DATASET RECORDS:
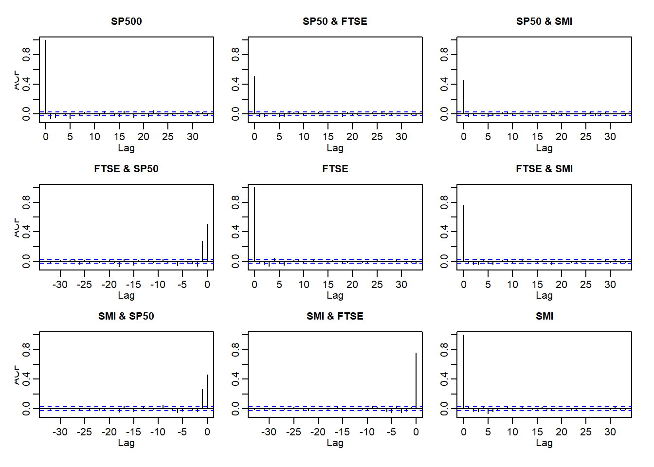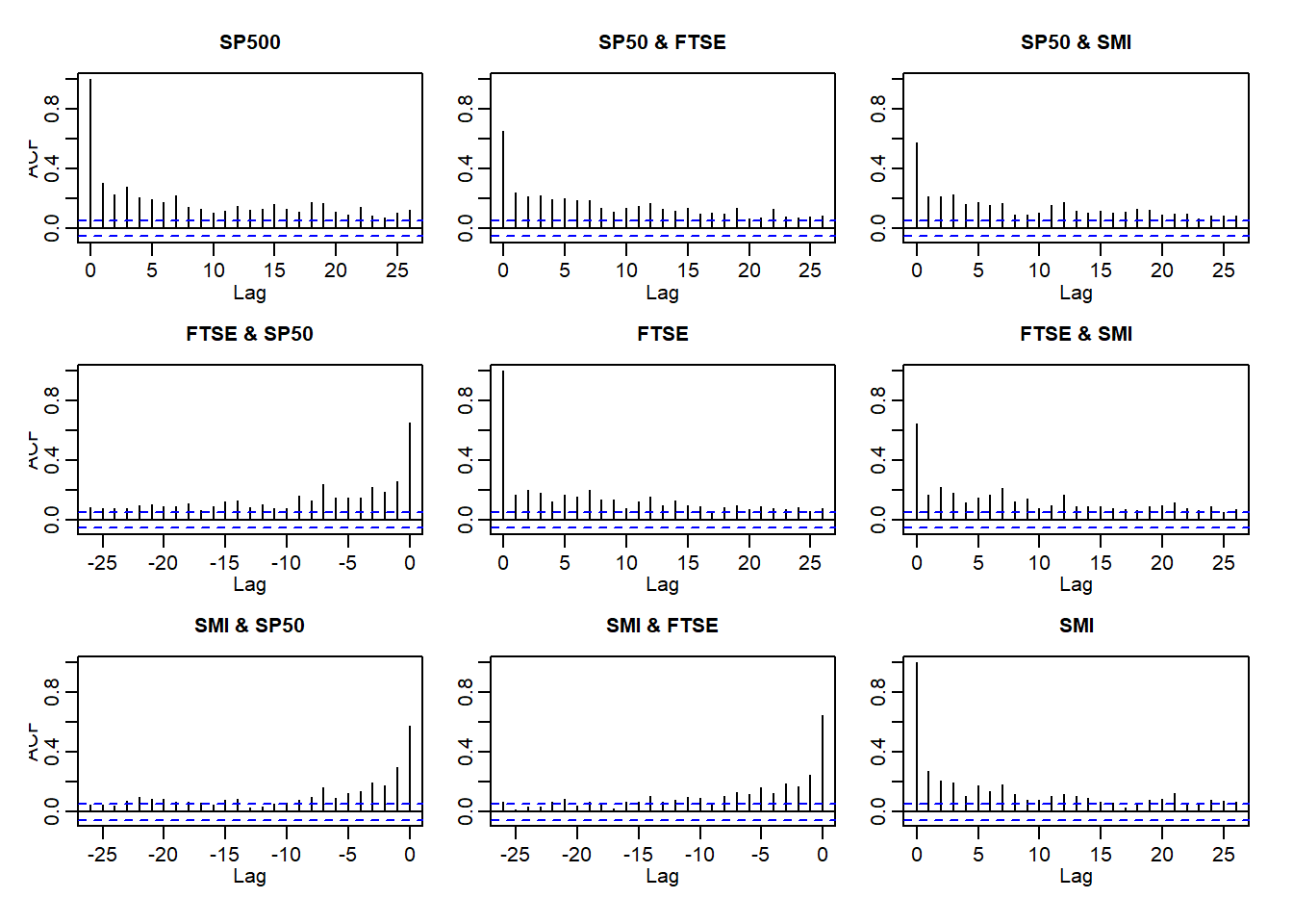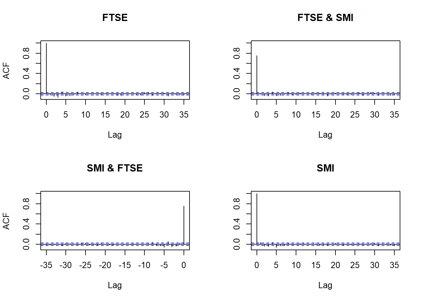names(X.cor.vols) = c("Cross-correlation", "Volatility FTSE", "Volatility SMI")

==

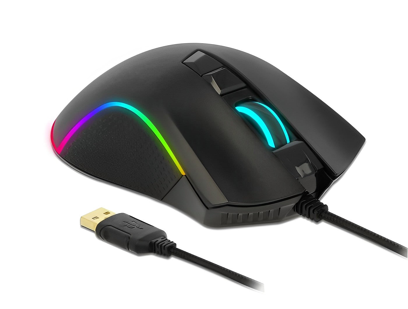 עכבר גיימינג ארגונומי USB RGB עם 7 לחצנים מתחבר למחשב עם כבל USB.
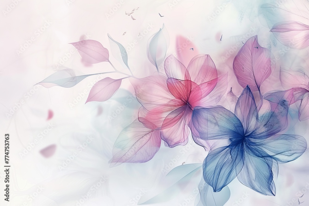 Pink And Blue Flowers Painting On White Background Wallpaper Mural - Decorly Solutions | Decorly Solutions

---

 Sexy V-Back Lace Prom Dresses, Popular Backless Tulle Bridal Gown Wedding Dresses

PROBLEM TO WORK ON: Print exactly the lines above that run from the one with "עכבר גיימינג ארגונומי" down to the one with "Pink And Blue", and omit the pictures.

YOUR SOLUTION:
 עכבר גיימינג ארגונומי USB RGB עם 7 לחצנים מתחבר למחשב עם כבל USB.
 Pink And Blue Flowers Painting On White Background Wallpaper Mural - Decorly Solutions | Decorly Solutions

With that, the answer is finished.